### Collected material
***

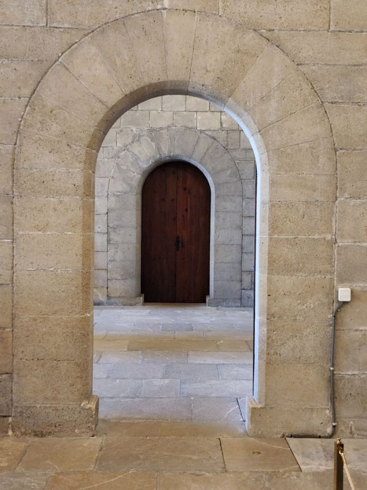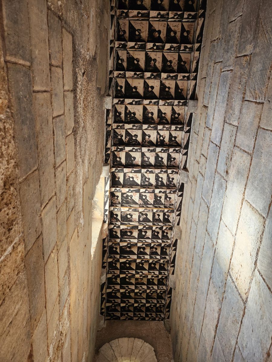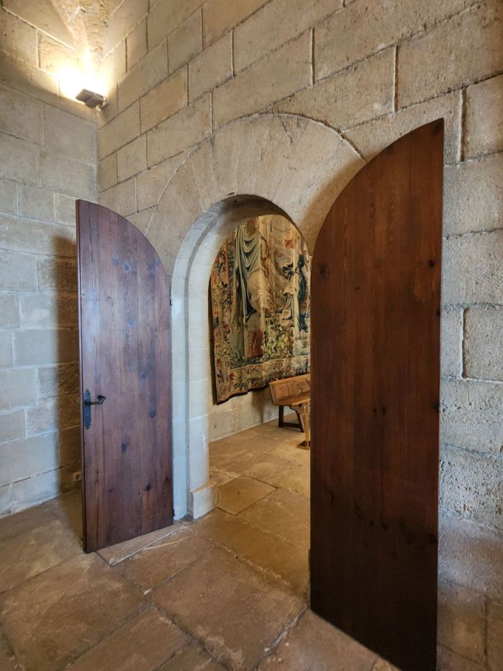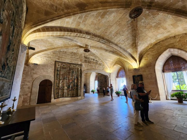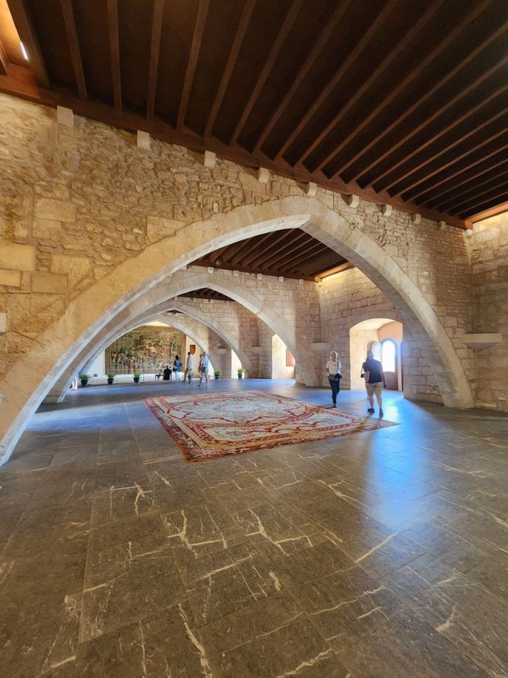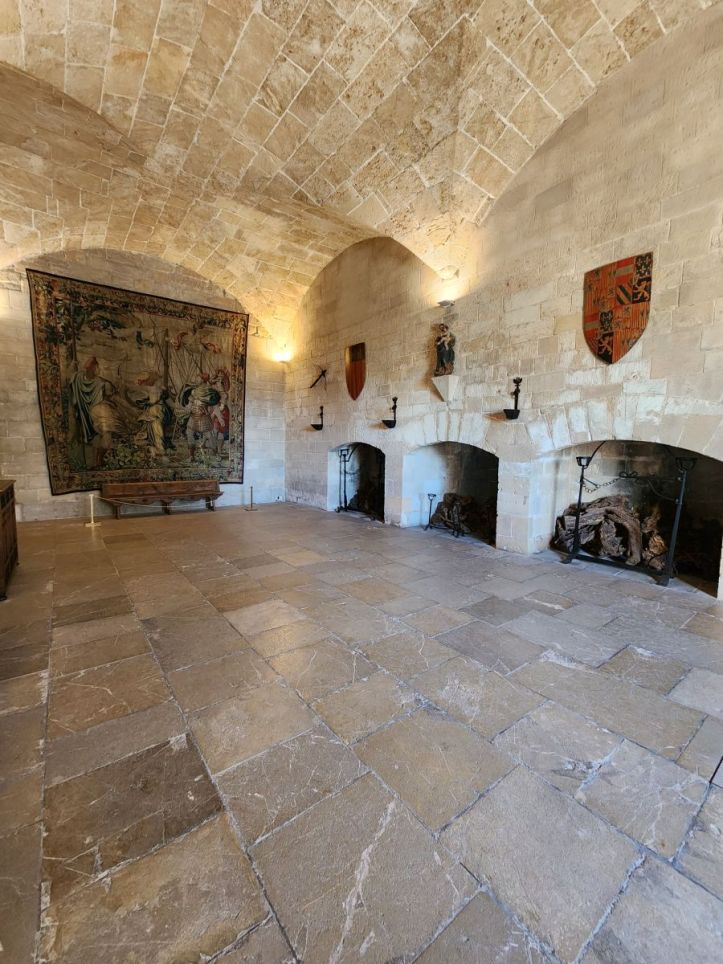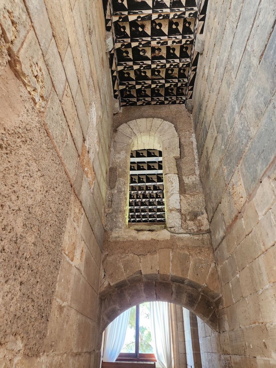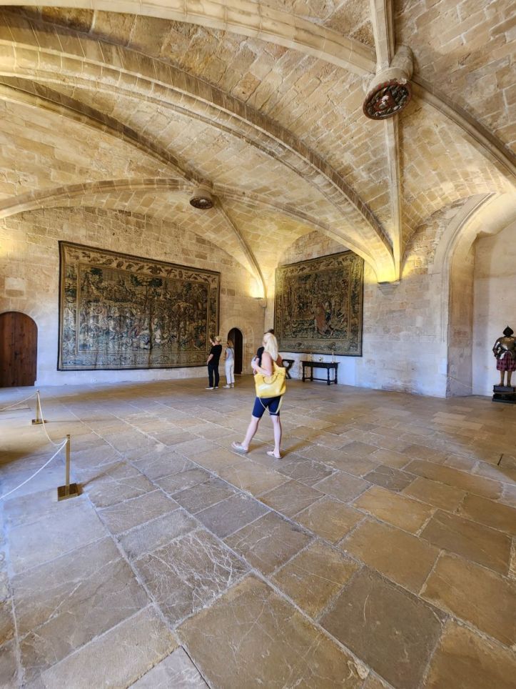 We’ve been here before, but you know memories – we only remember half of what was here – and it really is an amazing building. Built in 1229 originally as a Muslim castle, in 1305 Jaime II took charge of transforming it into a Royal Residence and by 1343 was finally completed when the island was brought under the rule of the Kingdom of Aragon. Truly stunning place – we walked upstairs in this staircase that has the weirdest ceiling, painted in black and white geometric shapes. Bizarre for this time period of architecture!
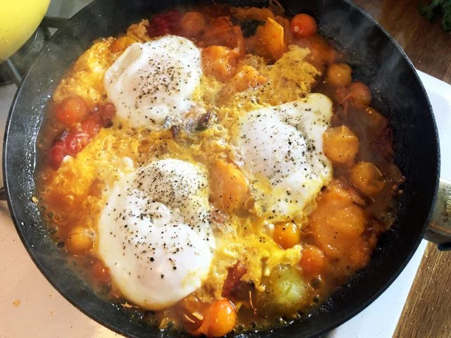 When a lot of the liquid evaporated, but before the tomatoes completely broke down into a sludge, I cracked three eggs directly into the pan, sprinkled them with salt and pepper, and covered the pan, lowering the heat to medium.
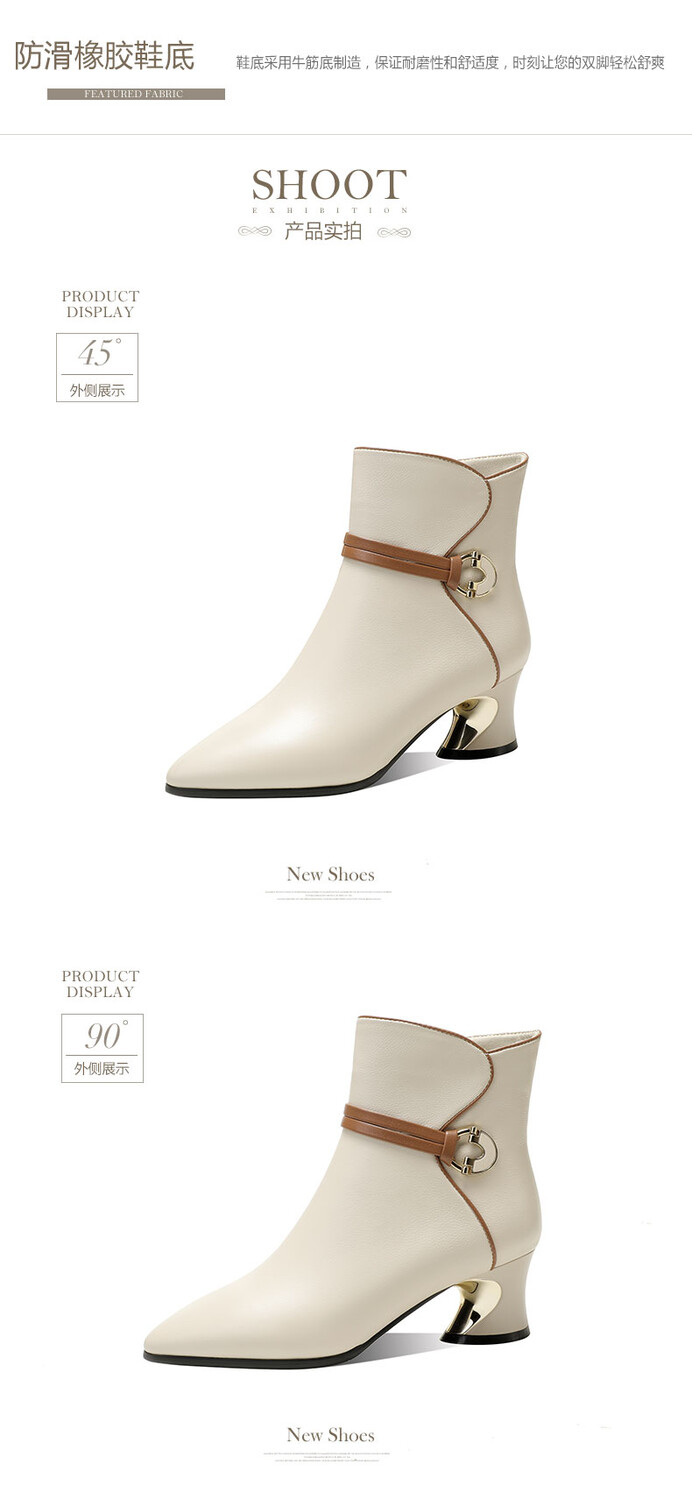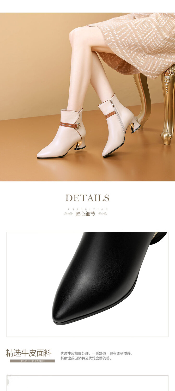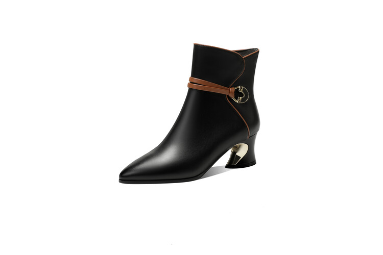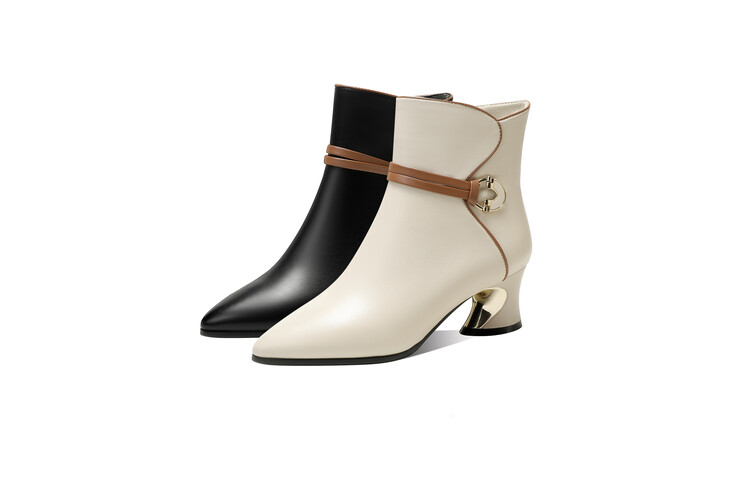 【预售5天】秋冬新款短靴女时尚拼色尖头显瘦马丁靴加绒舒适百搭短筒单靴JLD&8866
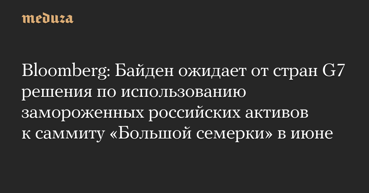 Bloomberg: Байден ожидает от стран G7 решения по использованию замороженных российских активов к саммиту «Большой семерки» в июне

***

### Work to complete
Return the whole of the material above exactly, with no picture carried over.

### Exercise result
 We’ve been here before, but you know memories – we only remember half of what was here – and it really is an amazing building. Built in 1229 originally as a Muslim castle, in 1305 Jaime II took charge of transforming it into a Royal Residence and by 1343 was finally completed when the island was brought under the rule of the Kingdom of Aragon. Truly stunning place – we walked upstairs in this staircase that has the weirdest ceiling, painted in black and white geometric shapes. Bizarre for this time period of architecture!
 When a lot of the liquid evaporated, but before the tomatoes completely broke down into a sludge, I cracked three eggs directly into the pan, sprinkled them with salt and pepper, and covered the pan, lowering the heat to medium.
 【预售5天】秋冬新款短靴女时尚拼色尖头显瘦马丁靴加绒舒适百搭短筒单靴JLD&8866
 Bloomberg: Байден ожидает от стран G7 решения по использованию замороженных российских активов к саммиту «Большой семерки» в июне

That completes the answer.